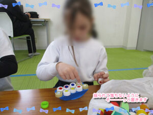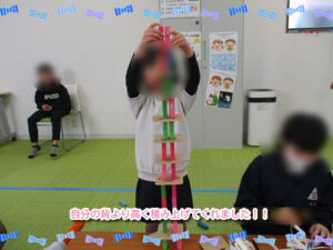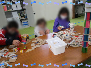 週の初めに、みんなで楽しく遊ぶ活動をしていきました。以前より何回か積み上げゲームをしていたのでいろんな道具が作ってあったので、長机を2つつけて、2つの班に分け、活動に取り組んでいきました。2つのテーブルは、違う積み上げの道具があり、15分間で机の上にある材料を使って、どれくらい高く積み上げることができるか挑戦していきました。他の子に負けたくないので、みんな考えて工夫しながら進めていました。案外、何も考えずに積み上げた子の方が上手くいっていました。途中で崩れても、悔しがりながら、また積み上げたり、周りの子が頑張っていると拍手して一緒に喜んだりして、チームワークが出て楽しそうでした。4月からまた新しい子が来てくれるので、和気あいあいとした雰囲気を続けながら、みんなで楽しく過ごせたらなと思っています。
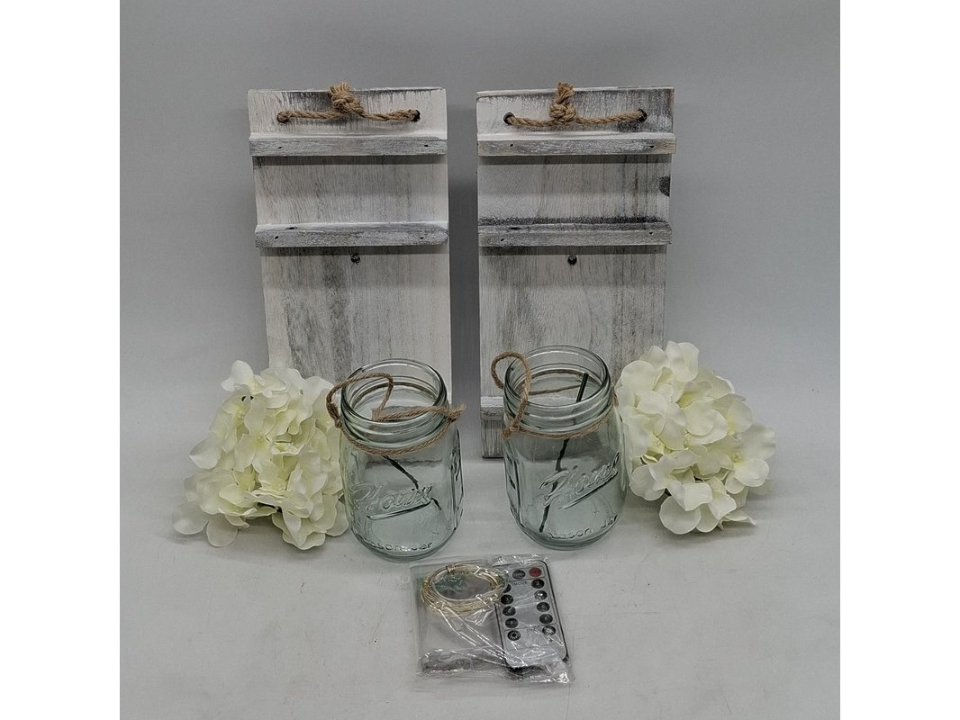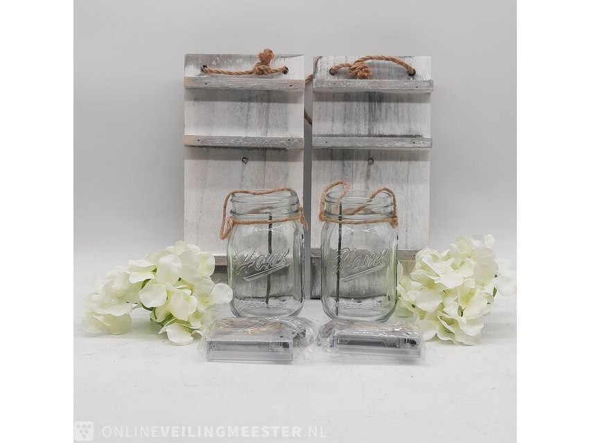 Product: Set glazen decoratiepotjes Afmeting: Hoogte ca. 13 cm. Conditie: Gebruikt Specificaties: Bestaande uit 2x houten plankje, 2x potje, 2x stukje nepbloem.
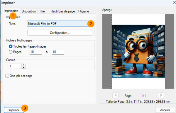 2. Puis, dans la barre déroulante, sélectionnez "Microsoft Print to PDF"
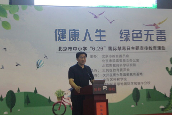 6月18日,北京市中小学“6·26”国际禁毒日主题宣传教育活动在大兴区孙村学校召开,本次活动由北京市教育委员会、北京市禁毒委员会办公室、北京市教育科学研究院主办,大兴区教育委员会承办,大兴区法制教育基地、大兴区孙村学校和朝阳区芳草地国际学校朝丰分校协办。全市各区教委毒品预防教育工作负责人、中小学德育干部等共200余人参加本次活动。
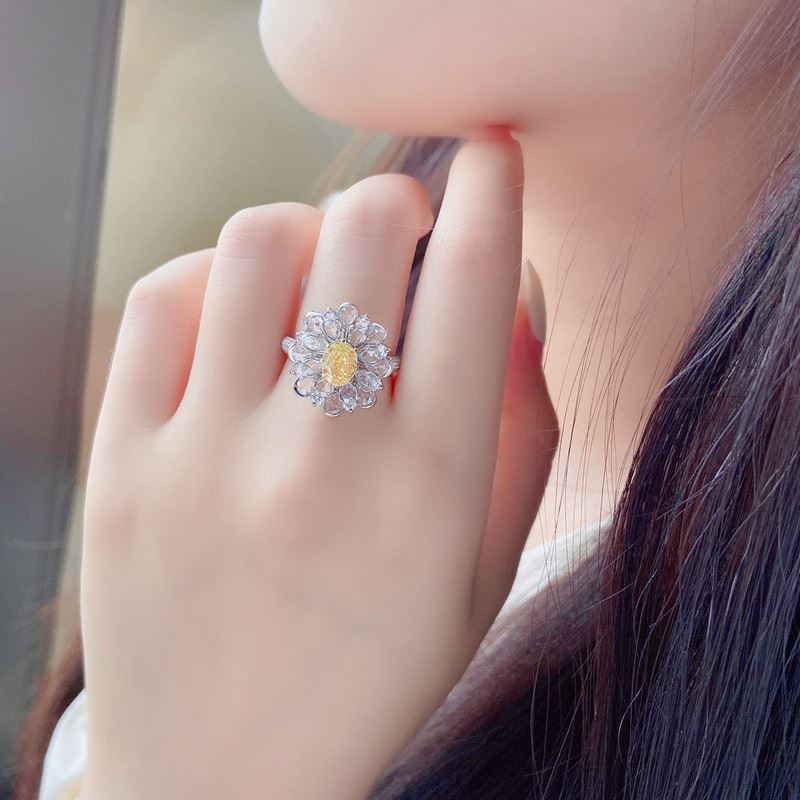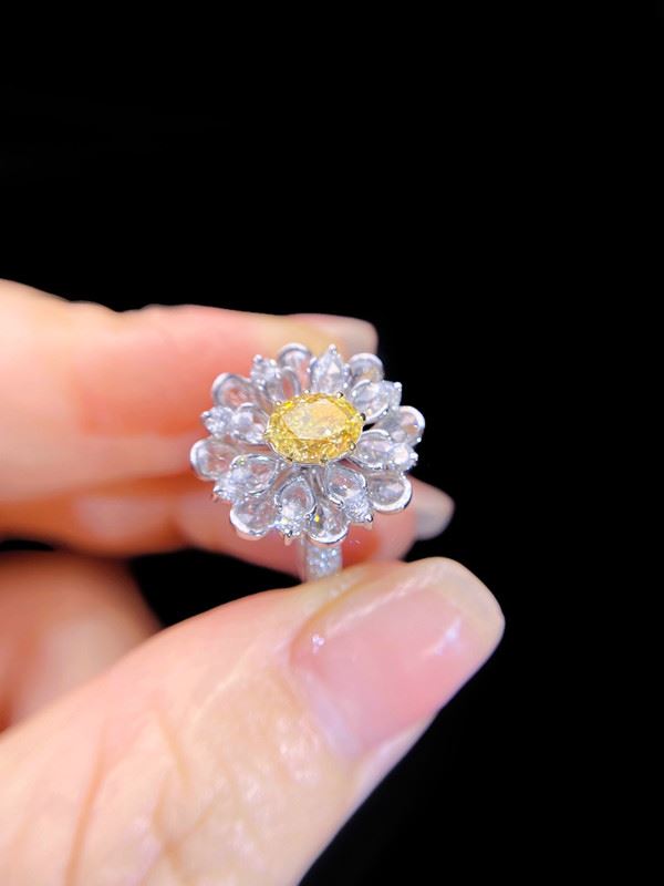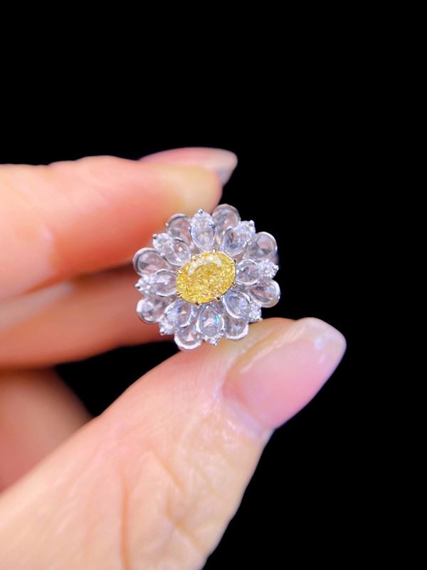 A radiant oval yellow diamond sits at the heart, encircled by layers of pear-shaped white diamonds like blooming petals. Brilliant and elegant, it captures both grace and luxury in perfect harmony. Ring size: 6, circumference: 52 mm, diameter: 16.6 mm, main stone: 1.01ct, side diamonds: 1.382ct. Note: Comes with a GIA Natural Diamond Report and a Beijing NGTC certificate.

┄┄┄┄┄┄

> YOUR ASSIGNMENT:
Write out again, exactly, each line from the one containing "2. Puis, dans" through the last line of the entries, and omit every picture.

> FINISHED TASK:
 2. Puis, dans la barre déroulante, sélectionnez "Microsoft Print to PDF"
 6月18日,北京市中小学“6·26”国际禁毒日主题宣传教育活动在大兴区孙村学校召开,本次活动由北京市教育委员会、北京市禁毒委员会办公室、北京市教育科学研究院主办,大兴区教育委员会承办,大兴区法制教育基地、大兴区孙村学校和朝阳区芳草地国际学校朝丰分校协办。全市各区教委毒品预防教育工作负责人、中小学德育干部等共200余人参加本次活动。
 A radiant oval yellow diamond sits at the heart, encircled by layers of pear-shaped white diamonds like blooming petals. Brilliant and elegant, it captures both grace and luxury in perfect harmony. Ring size: 6, circumference: 52 mm, diameter: 16.6 mm, main stone: 1.01ct, side diamonds: 1.382ct. Note: Comes with a GIA Natural Diamond Report and a Beijing NGTC certificate.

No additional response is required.